花菜は、和樹がこれといってなにかしでかしたような記憶は無かった。
「あれ、私としては謎なんだけど……。和樹くん、なにかやったの?」
「いやぁ、そんなそんな! するわけないじゃないすか!」
そう言って和樹は両手を挙げて、無罪を主張する。
「うわぁ、なんだろう……。胡散臭い……」
友人からの率直な意見が和樹に向けられる。
「どうしよう、擁護できないよ和樹くん……」
「えっちょっ、花菜先生⁉ 俺を庇うのは、あんたの仕事だろ⁉」
花菜と友人の胡乱な瞳が和樹を見詰めていた。
和樹は必死な擁護を花菜に乞うのだった。
「私でもできることと、できないことがあるよ」
「今回、俺がなにかしでかしたかもしれないっつーのは……。

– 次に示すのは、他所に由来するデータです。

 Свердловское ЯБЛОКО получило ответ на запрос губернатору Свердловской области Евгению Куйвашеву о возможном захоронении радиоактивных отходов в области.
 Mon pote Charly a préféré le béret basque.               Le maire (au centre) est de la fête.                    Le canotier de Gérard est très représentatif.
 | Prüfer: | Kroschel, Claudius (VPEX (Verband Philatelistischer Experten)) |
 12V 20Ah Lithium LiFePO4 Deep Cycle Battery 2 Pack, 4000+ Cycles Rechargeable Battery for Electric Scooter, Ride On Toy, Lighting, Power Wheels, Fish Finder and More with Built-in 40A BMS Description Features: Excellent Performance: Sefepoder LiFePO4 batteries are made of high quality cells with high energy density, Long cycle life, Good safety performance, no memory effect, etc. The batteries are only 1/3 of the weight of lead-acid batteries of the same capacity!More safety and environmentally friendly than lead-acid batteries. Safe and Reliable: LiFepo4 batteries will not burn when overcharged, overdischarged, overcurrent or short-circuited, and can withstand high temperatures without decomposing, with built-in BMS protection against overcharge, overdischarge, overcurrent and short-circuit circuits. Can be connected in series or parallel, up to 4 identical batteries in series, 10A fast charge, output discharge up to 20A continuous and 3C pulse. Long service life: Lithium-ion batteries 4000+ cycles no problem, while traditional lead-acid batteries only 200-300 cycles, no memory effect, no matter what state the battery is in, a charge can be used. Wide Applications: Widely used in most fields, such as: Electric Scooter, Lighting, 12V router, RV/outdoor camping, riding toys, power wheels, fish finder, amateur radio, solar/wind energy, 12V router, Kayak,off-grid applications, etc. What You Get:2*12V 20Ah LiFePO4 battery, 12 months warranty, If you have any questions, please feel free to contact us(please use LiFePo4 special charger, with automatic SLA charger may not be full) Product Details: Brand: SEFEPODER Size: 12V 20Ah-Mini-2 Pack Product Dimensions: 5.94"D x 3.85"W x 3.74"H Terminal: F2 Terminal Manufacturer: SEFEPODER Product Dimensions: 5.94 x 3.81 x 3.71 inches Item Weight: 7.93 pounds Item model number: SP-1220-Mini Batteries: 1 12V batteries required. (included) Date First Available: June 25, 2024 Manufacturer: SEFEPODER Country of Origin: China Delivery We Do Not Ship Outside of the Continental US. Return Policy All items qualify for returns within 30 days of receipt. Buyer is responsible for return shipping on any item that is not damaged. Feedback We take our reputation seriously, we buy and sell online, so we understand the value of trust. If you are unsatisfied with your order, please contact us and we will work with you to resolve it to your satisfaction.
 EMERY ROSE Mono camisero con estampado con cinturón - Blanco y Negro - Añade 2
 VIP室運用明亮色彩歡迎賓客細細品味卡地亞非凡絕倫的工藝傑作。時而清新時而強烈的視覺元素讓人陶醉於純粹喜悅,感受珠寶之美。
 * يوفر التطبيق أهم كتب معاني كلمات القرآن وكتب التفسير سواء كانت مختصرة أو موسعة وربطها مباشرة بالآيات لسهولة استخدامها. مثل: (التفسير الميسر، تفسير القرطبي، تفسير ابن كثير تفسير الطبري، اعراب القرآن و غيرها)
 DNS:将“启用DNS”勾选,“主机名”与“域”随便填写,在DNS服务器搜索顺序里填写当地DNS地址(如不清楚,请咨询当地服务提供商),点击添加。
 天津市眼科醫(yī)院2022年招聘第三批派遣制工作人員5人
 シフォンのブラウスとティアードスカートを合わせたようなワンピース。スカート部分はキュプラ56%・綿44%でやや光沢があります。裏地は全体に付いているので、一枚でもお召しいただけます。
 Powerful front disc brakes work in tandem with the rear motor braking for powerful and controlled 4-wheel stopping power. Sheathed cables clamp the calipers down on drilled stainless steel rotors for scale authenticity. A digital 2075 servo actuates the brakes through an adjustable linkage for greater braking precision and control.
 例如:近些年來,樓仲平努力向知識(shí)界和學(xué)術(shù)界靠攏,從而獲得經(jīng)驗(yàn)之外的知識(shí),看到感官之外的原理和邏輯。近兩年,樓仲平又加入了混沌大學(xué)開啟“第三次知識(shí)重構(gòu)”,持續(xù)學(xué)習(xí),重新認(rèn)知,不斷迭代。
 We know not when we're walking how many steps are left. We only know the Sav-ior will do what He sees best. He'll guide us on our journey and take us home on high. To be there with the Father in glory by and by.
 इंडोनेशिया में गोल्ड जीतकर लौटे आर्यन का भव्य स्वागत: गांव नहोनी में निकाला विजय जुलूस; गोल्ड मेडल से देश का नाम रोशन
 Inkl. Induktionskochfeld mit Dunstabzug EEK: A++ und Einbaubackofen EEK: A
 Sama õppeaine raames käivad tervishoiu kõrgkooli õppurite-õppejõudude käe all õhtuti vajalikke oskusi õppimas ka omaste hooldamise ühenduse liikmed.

あれすか……。庇えないレベルっつーことすか?」
花菜は和樹へのフォローを切って捨てた。
もちろん、和樹は抗議の声をあげる。
「そもそも和樹くんが胡散臭いっていうのは置いておくとしてだよ? 調理部の人達が理由もなく、あんなに人を毛嫌いするなんて考えられないもん……」
「えっ、そんなになんだ……。ちょっと、吉田……。謝りなよ……」
「待ってくれ、本当に聞いてくれ! 俺は無実なんだ! あと花菜、嘘でも幼馴染を胡散臭いとか言ってくれるなよ……」
完全に和樹が犯人の構図はできあがってしまっていた。
これはもう、覆りそうになかった。
哀れな男子高校生が一人ここに生まれた。
いや、もう既に生まれていたのかもしれない。
ずっとずっと、ここに居たのかもしれなかった。
なんだ、この扱いの悪い幼馴染キャラは……。